#### [WORKING DATA]
----
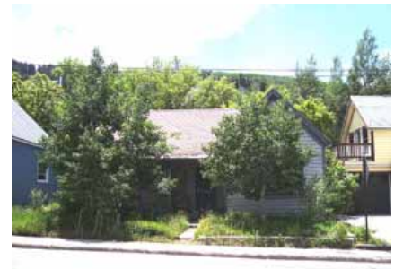
929 PARK AVENUE Significant Site Designated Feb. 4, 2009
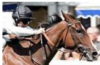
Soviet Song

Twelve months ago, Soviet Song (Ire) (Marju {Ire}) did the unthinkable in downing Attraction (GB) in the inaugural running of the Falmouth S. as a Group 1
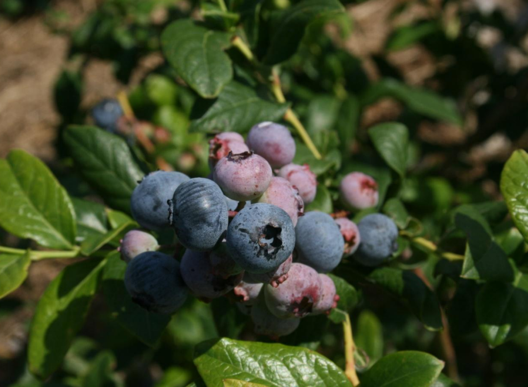
Proud blueberry farmer
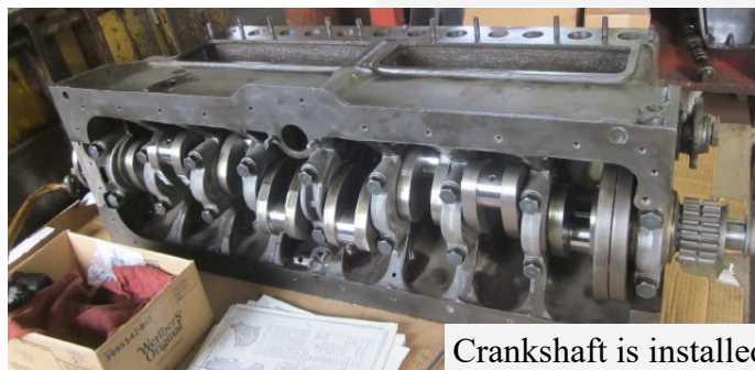
Crankshaft is installed and short block is completed
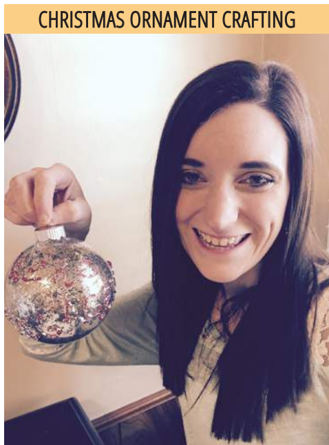
CHRISTMAS ORNAMENT CRAFTING
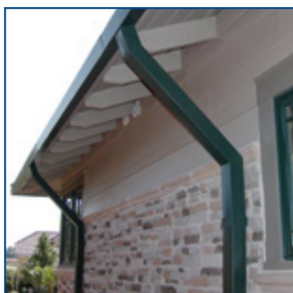
Durability is all in the details—wrap-around overhangs, recessed windows, fibercement siding and trim, gutters, bath exhaust vents.
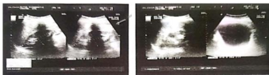
Fig. 3 & 4 USG (Kidneys) showing normal echo-texture of kidney at post treatment
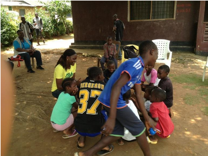
Children at the recreation for resilience activity in Margibi County.
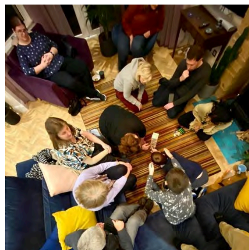
Group work at a CFS gathering

At the heart of CFS is the community groups. These are often home-based and typically organise around a weekly meeting where we work out what it means to live as followers of Jesus. The communities can be found in south east Essex. They provide opportunities for discipleship and transformation as people develop relationships of trust together over shared meals and through shared lives. Many marginalised and disadvantaged people are part of the groups, and British Sign Language is used in one to include the deaf.
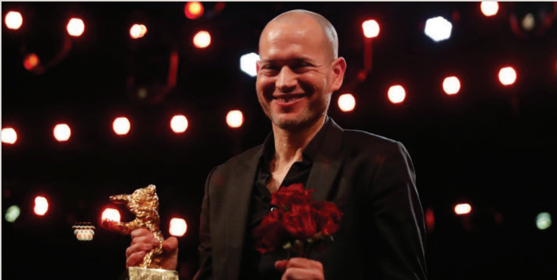
Nadav Lapid shows Golden Bear for Best Film after the awards ceremony at the 69th Berlinale International Film Festival in Berlin, Germany, February 16, 2019.
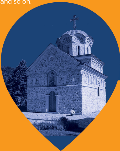
Staro Hopovo Monastery

The mountain is densely forested, with hundred-year-old oak and birch trees, as well as the linden, a tree revered by the Slavic people. The mountain, with its highest peak, Crveni ot 539 m (Red Cot), and much of its surroundings are part of a national park that spans 25.000 ha. This mountain appears to have evolved from the cultivated Vojvodina Plain. It offers numerous opportunities for hiking and biking tours, as well as numerous interesting trails.
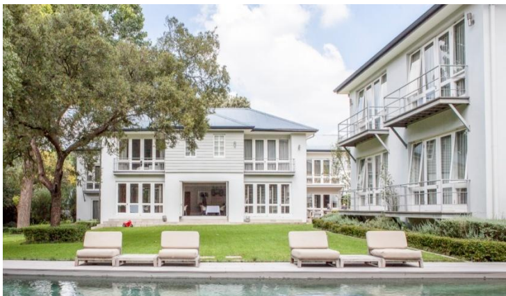
AtholPlace Boutique Hotel

90 Pretoria Ave (off Katherine Street), Atholl, Sandton, Johannesburg, South Africa Tel: +27 (11) 783 3410, Fax: +27 (011) 783 3350 reservations@atholplace.com, www.atholplace.com
----
#### [WHAT THE TASK REQUIRES]
In the data above, find each line that uses the string "around". Copy it.

#### [SOLUTION]
Durability is all in the details—wrap-around overhangs, recessed windows, fibercement siding and trim, gutters, bath exhaust vents.
At the heart of CFS is the community groups. These are often home-based and typically organise around a weekly meeting where we work out what it means to live as followers of Jesus. The communities can be found in south east Essex. They provide opportunities for discipleship and transformation as people develop relationships of trust together over shared meals and through shared lives. Many marginalised and disadvantaged people are part of the groups, and British Sign Language is used in one to include the deaf.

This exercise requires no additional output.